Set down, word for word, only the lines from the start of the records through the line bearing "ХромоскопияВ 1966 г.R."; include no pictures.

[Opening INFORMATION GIVEN section]

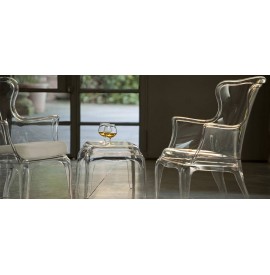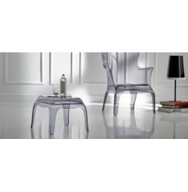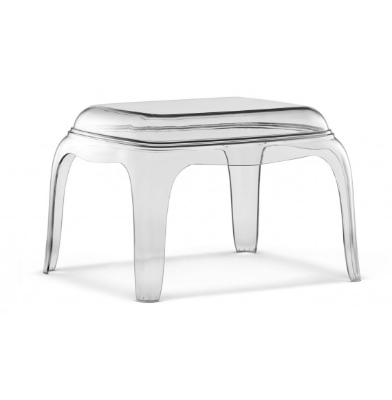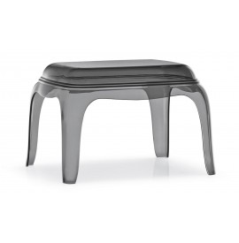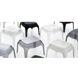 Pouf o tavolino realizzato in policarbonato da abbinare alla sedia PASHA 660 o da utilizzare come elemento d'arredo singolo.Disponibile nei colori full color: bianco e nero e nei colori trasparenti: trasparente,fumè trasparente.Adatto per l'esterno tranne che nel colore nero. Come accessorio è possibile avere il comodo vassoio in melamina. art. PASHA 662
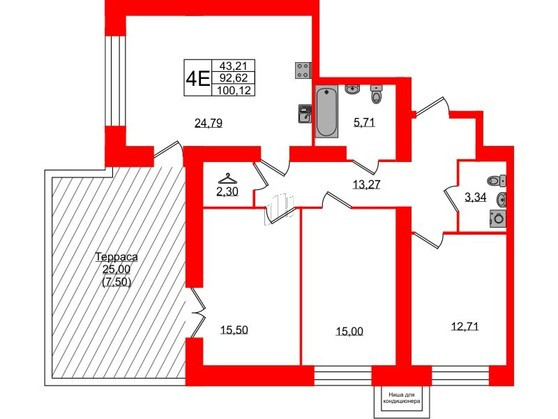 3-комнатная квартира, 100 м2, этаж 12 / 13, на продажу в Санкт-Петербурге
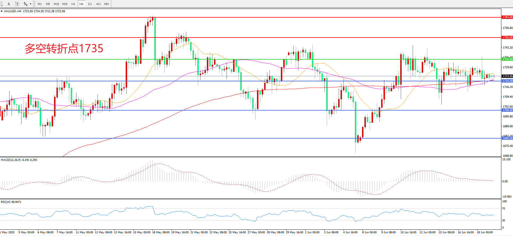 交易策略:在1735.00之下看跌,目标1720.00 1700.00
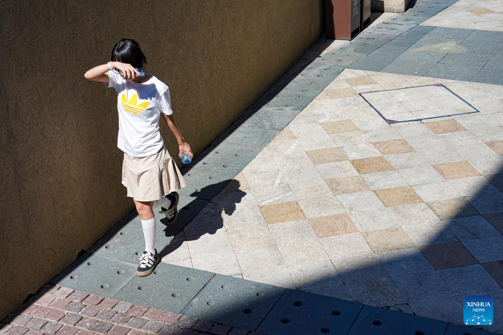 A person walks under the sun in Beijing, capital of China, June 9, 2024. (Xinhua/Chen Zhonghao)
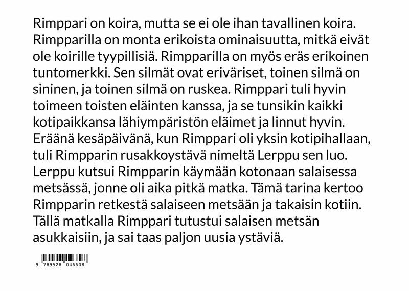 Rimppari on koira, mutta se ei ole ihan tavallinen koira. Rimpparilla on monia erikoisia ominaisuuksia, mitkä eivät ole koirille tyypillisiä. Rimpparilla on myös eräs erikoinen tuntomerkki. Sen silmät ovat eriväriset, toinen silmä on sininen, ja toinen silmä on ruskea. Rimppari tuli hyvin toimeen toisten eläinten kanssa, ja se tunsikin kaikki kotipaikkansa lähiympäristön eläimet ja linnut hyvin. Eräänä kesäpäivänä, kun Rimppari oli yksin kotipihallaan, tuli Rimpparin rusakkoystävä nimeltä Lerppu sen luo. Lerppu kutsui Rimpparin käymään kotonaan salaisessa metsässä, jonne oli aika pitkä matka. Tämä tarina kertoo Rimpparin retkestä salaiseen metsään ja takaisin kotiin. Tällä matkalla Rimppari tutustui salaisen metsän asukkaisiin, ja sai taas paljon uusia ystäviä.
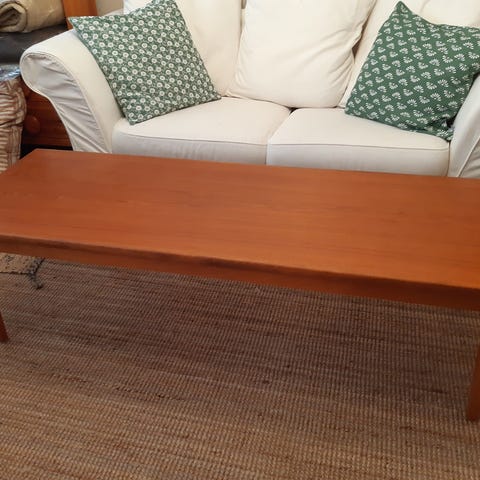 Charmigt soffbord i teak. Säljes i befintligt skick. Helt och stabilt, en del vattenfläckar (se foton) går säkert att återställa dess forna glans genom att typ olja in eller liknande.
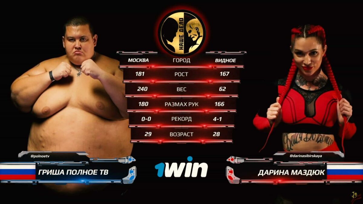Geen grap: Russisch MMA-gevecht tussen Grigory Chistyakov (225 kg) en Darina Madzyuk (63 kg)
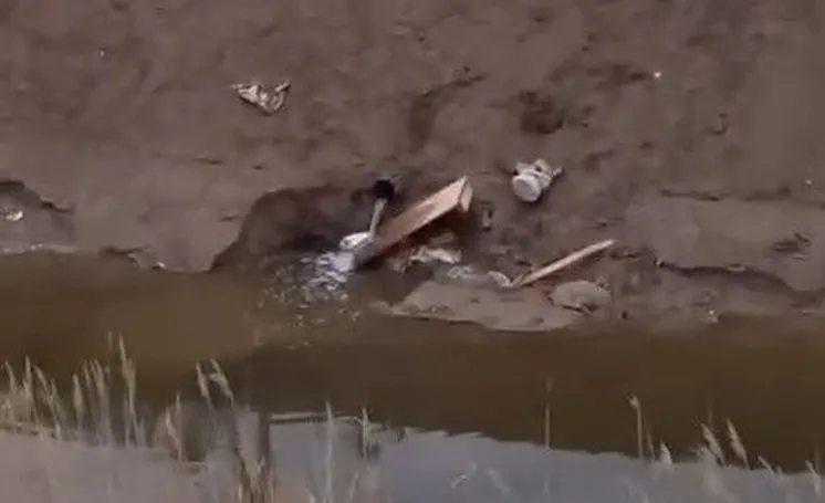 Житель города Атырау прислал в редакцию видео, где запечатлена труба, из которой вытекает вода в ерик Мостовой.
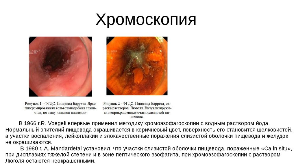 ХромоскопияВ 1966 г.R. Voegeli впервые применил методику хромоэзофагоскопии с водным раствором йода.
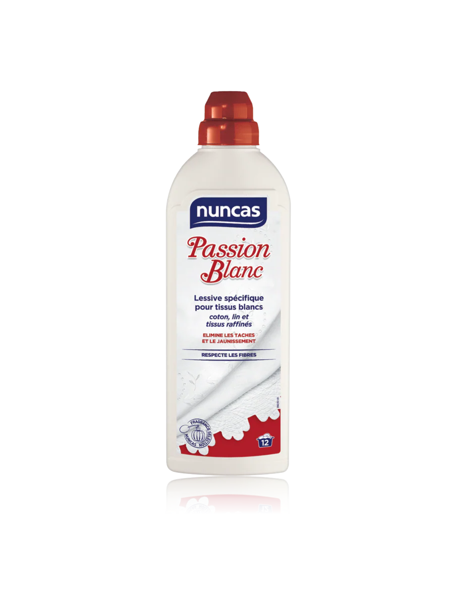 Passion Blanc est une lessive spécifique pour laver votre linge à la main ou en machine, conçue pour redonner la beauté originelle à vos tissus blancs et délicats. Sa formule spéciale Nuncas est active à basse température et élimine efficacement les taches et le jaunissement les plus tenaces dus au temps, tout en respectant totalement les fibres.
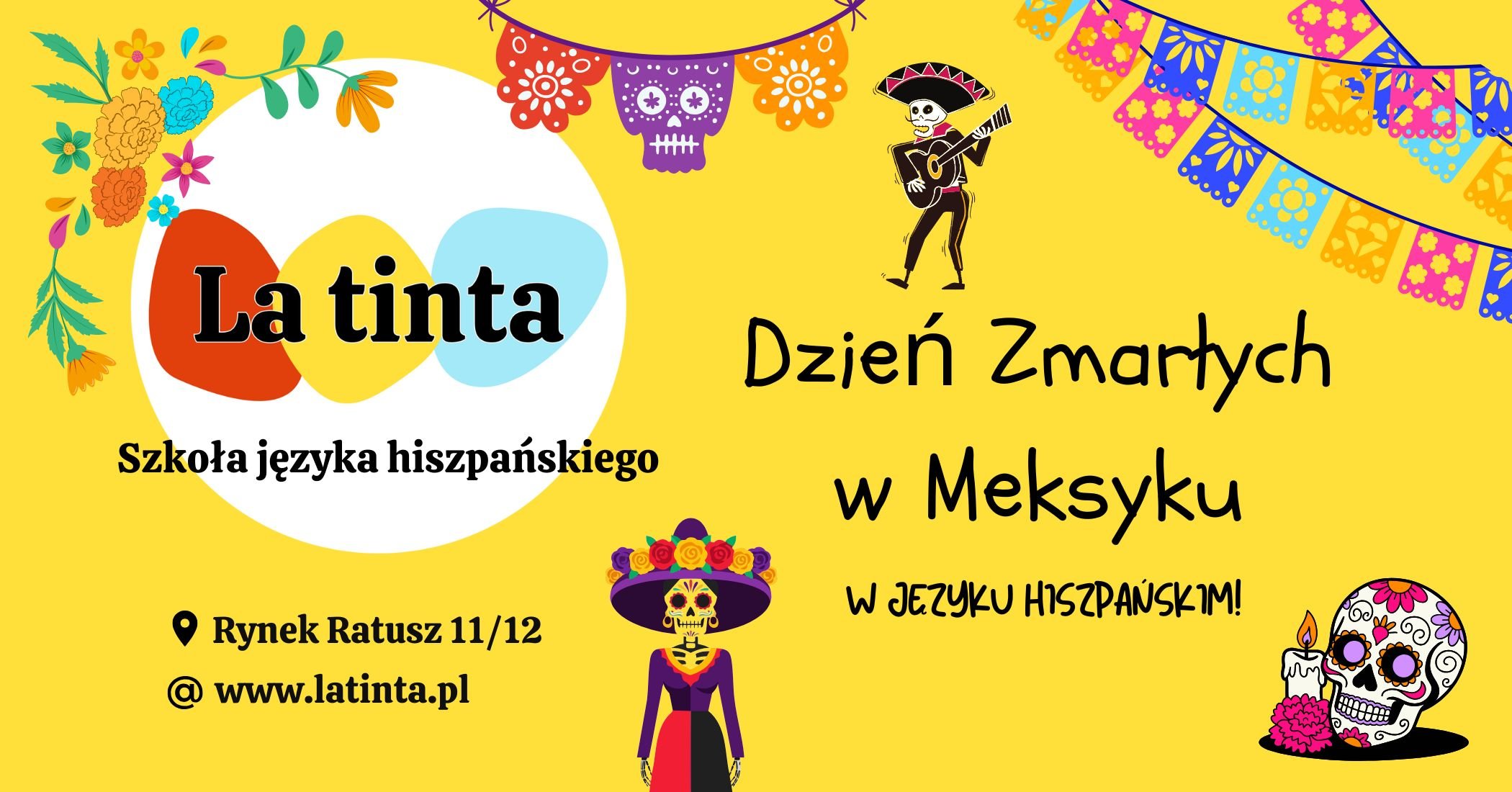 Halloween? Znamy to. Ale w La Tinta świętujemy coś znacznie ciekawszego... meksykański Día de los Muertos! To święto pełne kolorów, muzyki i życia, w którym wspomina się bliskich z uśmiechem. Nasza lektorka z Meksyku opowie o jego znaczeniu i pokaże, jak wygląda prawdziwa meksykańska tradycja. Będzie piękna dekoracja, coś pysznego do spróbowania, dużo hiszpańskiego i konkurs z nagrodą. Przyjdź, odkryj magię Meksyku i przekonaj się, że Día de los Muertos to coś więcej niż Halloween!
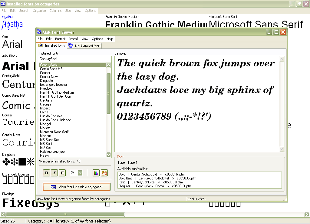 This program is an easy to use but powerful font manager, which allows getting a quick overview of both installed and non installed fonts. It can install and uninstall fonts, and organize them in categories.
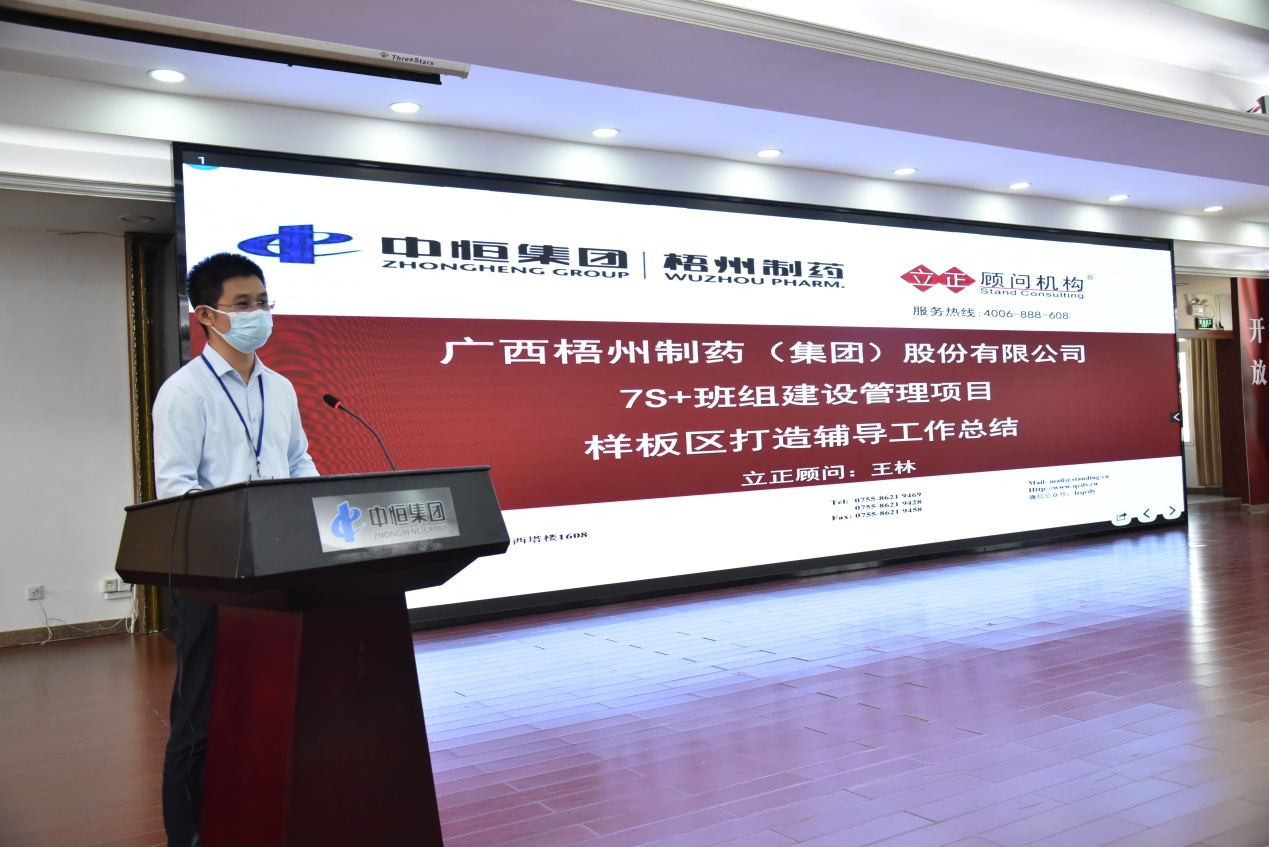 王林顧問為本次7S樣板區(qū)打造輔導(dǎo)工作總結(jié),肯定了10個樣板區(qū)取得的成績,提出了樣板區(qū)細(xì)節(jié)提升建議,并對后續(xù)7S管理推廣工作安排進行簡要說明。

[Closing INFORMATION GIVEN section]

FINISHED EXERCISE
 Pouf o tavolino realizzato in policarbonato da abbinare alla sedia PASHA 660 o da utilizzare come elemento d'arredo singolo.Disponibile nei colori full color: bianco e nero e nei colori trasparenti: trasparente,fumè trasparente.Adatto per l'esterno tranne che nel colore nero. Come accessorio è possibile avere il comodo vassoio in melamina. art. PASHA 662
 3-комнатная квартира, 100 м2, этаж 12 / 13, на продажу в Санкт-Петербурге
 交易策略:在1735.00之下看跌,目标1720.00 1700.00
 A person walks under the sun in Beijing, capital of China, June 9, 2024. (Xinhua/Chen Zhonghao)
 Rimppari on koira, mutta se ei ole ihan tavallinen koira. Rimpparilla on monia erikoisia ominaisuuksia, mitkä eivät ole koirille tyypillisiä. Rimpparilla on myös eräs erikoinen tuntomerkki. Sen silmät ovat eriväriset, toinen silmä on sininen, ja toinen silmä on ruskea. Rimppari tuli hyvin toimeen toisten eläinten kanssa, ja se tunsikin kaikki kotipaikkansa lähiympäristön eläimet ja linnut hyvin. Eräänä kesäpäivänä, kun Rimppari oli yksin kotipihallaan, tuli Rimpparin rusakkoystävä nimeltä Lerppu sen luo. Lerppu kutsui Rimpparin käymään kotonaan salaisessa metsässä, jonne oli aika pitkä matka. Tämä tarina kertoo Rimpparin retkestä salaiseen metsään ja takaisin kotiin. Tällä matkalla Rimppari tutustui salaisen metsän asukkaisiin, ja sai taas paljon uusia ystäviä.
 Charmigt soffbord i teak. Säljes i befintligt skick. Helt och stabilt, en del vattenfläckar (se foton) går säkert att återställa dess forna glans genom att typ olja in eller liknande.
Geen grap: Russisch MMA-gevecht tussen Grigory Chistyakov (225 kg) en Darina Madzyuk (63 kg)
 Житель города Атырау прислал в редакцию видео, где запечатлена труба, из которой вытекает вода в ерик Мостовой.
 ХромоскопияВ 1966 г.R. Voegeli впервые применил методику хромоэзофагоскопии с водным раствором йода.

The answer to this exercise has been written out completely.